Kur farkından dolayı kaynaklanan zamlarda ilk önce etkilenen bizim giyim sektörü. Atölyede çalışan arkadaşlarımız. İnanın seçim sürecinde dolaştığım atölyeci arkadaşlardan fabrikalar yıllık bazda anlaşma yapıyorlar. Son 2 buçuk ay içerisinde odama kayıtlı atölyecilerimin hiçbir tanesi para kazanmadı. Hepsi ucu ucuna ya da çok cüzi rakamlarla para kazanmak için onda da kendinden fedakarlık yaparak gece elemanları gittikten sonra 2-3 saat fazladan çalışarak günü kurtarmaya çalıştılar. Fabrikalar o kur farkından dolayı o kadar güzel para kazandılar ki maalesef o farkı atölyecisine vermediler. O atölyeci size sadece 2 ay lazım değil, eğer siz ihracatçıysanız eğer siz bu ülkeye istihdam sağlıyorsanız onlarsız yapamazsınız. Atölyeciler bugün ciddi anlamda piyasada istihdam oluşturan bir meslek grubudur. Siz onlara para kazandırmazsanız, yakın zamanda bunlar atölyeleri kapatmayı değil, devlete de yük olurlar.

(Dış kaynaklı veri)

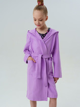 Халат с тонким капюшоном. Изготовлен из набивного хлопкового трикотажа футер петля. С помощью пояса можно регулировать посадку по фигуре. Сверху застёжка на кнопку. Края изделия обработаны мягким кантом. На боку накладной карман, уходящий в шов. Оригинальная набивка выполнена из стойких гипоаллергенных текстильных красителей. Все трикотажные полотна производятся в соответствии с нормами швейцарского сертификата ЭкоТекс.

Benim öyle gittiğim atölyeler var ki hele bir tanesi beni çok üzdü. 2 aydan beri hiç para kazanmıyorum. 15-16 tane yanında çalışanı var. Peki bu işçi paralarını nasıl hallediyorsun? İşçi paralarını çıkarıyorum ama maliye ve SSK paralarını ödeyemiyorum dedi. Sen ne yiyorsun dedim. Arta kalan neyse ben onu yiyorum dedi. Ben buradan o fabrikatör abilerimize de sesleniyorum. Lütfen altınızda çalıştırdığınız fason atölyelerine iyi bakın. Onlara 1-2 TL zam vermekle sizden hiçbir şey kaybolmaz. Onların istihdam ettiği kişilerde ve onların maliyetlerinde olan yüksekliklerden dolayı yarın onlar kaybolursa bunun sorumlusu onlardır. Eğer onlar SSK’ya maliyeye değişik kurumlara borçlarını ödeyemiyorlarsa bunun vebali o zam vermeyen fabrikatör arkadaşlardadır. Anlaşma yapmışsın, yapabilirsin anlaşma ama olağanüstü bir kur farkından dolayı sana gelen ihracattan parayı TL’ye çevirdiğin zaman belki bir yıllık işçinin parasını çıkardınız. Fakat orada atölyeciye 1-2 TL zam vermekten çekindiniz. Bu iyi olmaz. Bu bir gün ters döner. Şimdi kur düştü, düştüğü zamanda belki bugün veya yarın bağırış çağırış olmaya başlayacak. Kazanamıyoruz demeye başlayacaklar. Siz önce altınızdaki çalışanlara iyi bakmak zorundasınız. Malum asgari ücret de iyi bir şekilde arttı. Bu 4 bin 250 TL piyasada olumlu-olumsuz nasıl bir yansıması olur Şubat ayıda belli olur.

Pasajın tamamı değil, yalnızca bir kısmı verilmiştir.